L’actuel scénario exige que ce soit la Cnam qui pilote, gère et régule tout le système de l’assurance maladie en Côte d’Ivoire. C’est la seule structure qui assurera le régime de base pour tous. L’accès aux consultations, examens de laboratoire, médicaments, hospitalisations, chirurgie (cas des urgences), etc. Mais les Ivoiriens doivent bien comprendre que tout n’est pas gratuit. On parle du système de capitation, le système de tiers-payant, le ticket modérateur (…). De plus, toutes les prestations ne sont pas couvertes : «La liste des affections, la nomenclature des actes de soins médicaux et chirurgicaux, ainsi que les médicaments couverts par la garantie sont définis par décret», précise l’article 7 de la loi instituant la CMU en Côte d’Ivoire. Il faut donc une bonne politique de sensibilisation et de communication sur ce que la CMU est en mesure de faire, ou pas. Cela est très important pour éviter des murmures une foi la phase des prestations ouvertes. Raison pour laquelle toutes les caisses de prévoyance sociale, à savoir le Mugef-CI, la CGRAE, la CNPS, qui deviendront des Organismes de gestion déléguée (OGD), ont toute leur place. Elles offriront des régimes complémentaires à leurs adhérents sans ignorer les autres formes de prestations en matière de prévoyance sociale. Ces organismes continueront de collecter les souscriptions de leurs adhérents, pour reverser, les parts dues la CNAM en vue de jouer sa partition. Les cotisations mensuelles, fixées à 1 000 FCFA par individu, seront indirectement prélevés. Ainsi, la Caisse nationale d’assurance-maladie assurera le leadership. Voici l’option prise par les autorités ivoiriennes pour faire en sorte que 17% de la population soit couvert dès la première année et porter ce ratio à 40 % d’ici à 2025.
AMU et CMU : similitude ou différence ?
Entre le régime de l’Assurance maladie universelle (AMU), prôné par les refondateurs et qui n’a pu avoir de dénouement, et l’actuel système de Couverture maladie universelle (CMU), pas de différence fondamentale, car le principe reste le même. Celui d’offrir à un plus grand nombre de personnes un accès plus aisé à des soins de santé, en cas de maladie. D’une ère à une autre, l’universalité de la couverture maladie est ce qui prime.
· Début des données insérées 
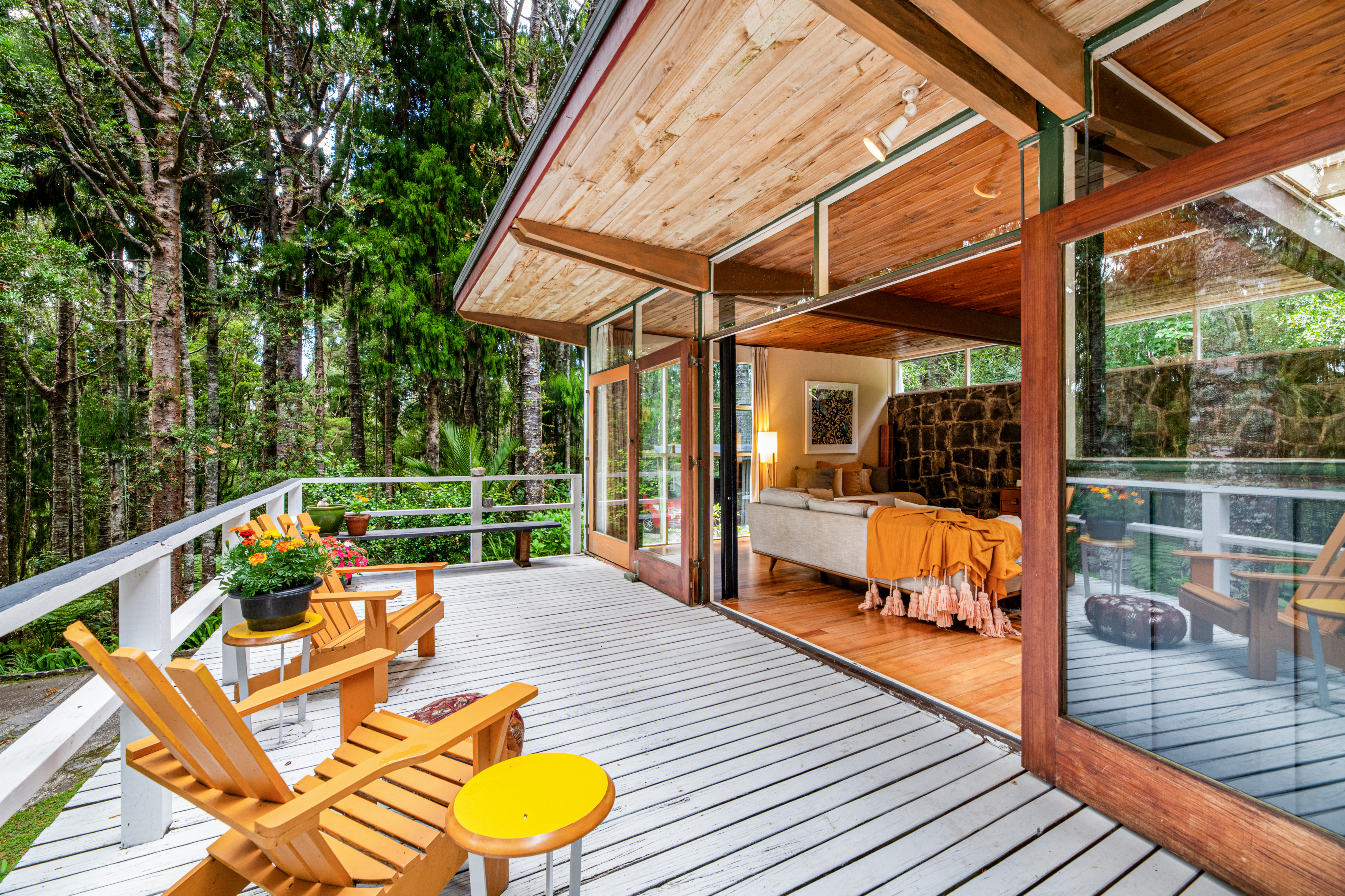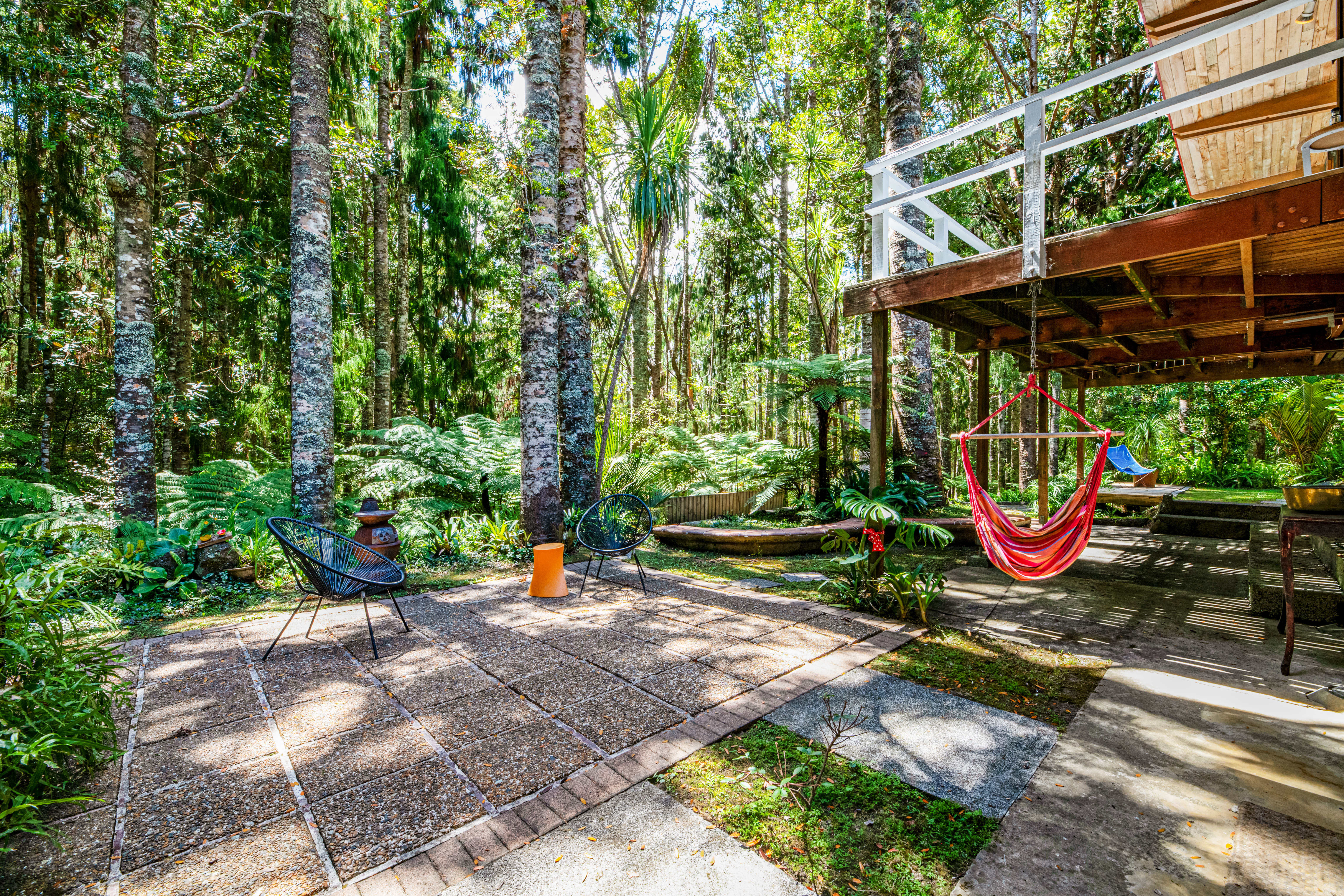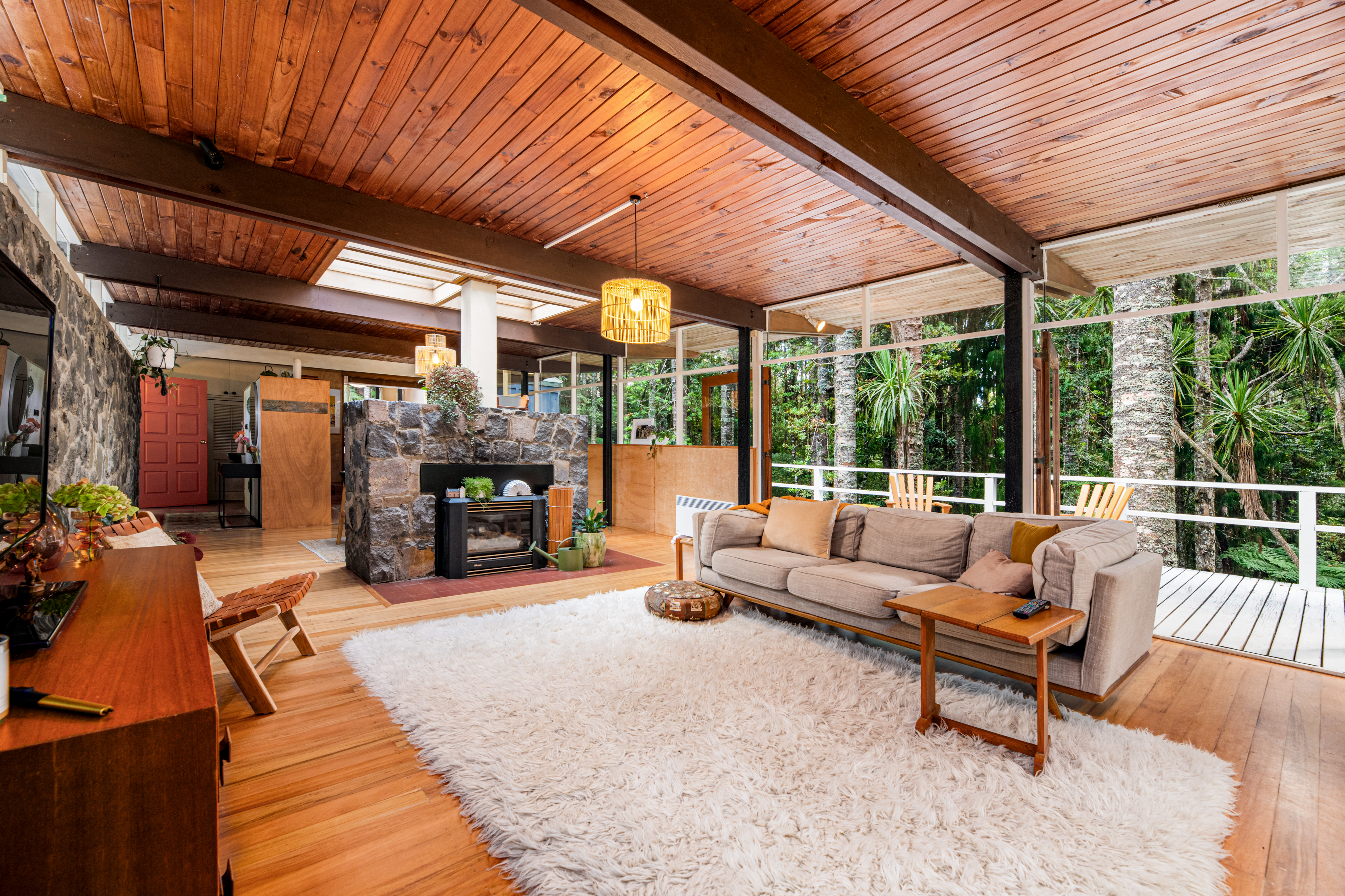 Take a moment at the top of the drive, stop. Listen to the birds, the cicadas, the rustling leaves. Smell the fresh earth, the trees. See a house like no other, poised amongst an astounding kauri forest.

Il s’agit d’améliorer le cadre de vie des populations, sous la contrainte de la pauvreté qui atteint un Ivoirien sur deux, en passant par un dispositif de prévoyance sociale. La différence se trouve dans les stratégies déployées. Pendant que l’AMU prévoyait la mise en place de trois structures distinctes (les agriculteurs, les acteurs des secteurs formels – public et privé – et les autres), la CMU prend l’option d’une caisse unifiée pour gérer tout le dispositif.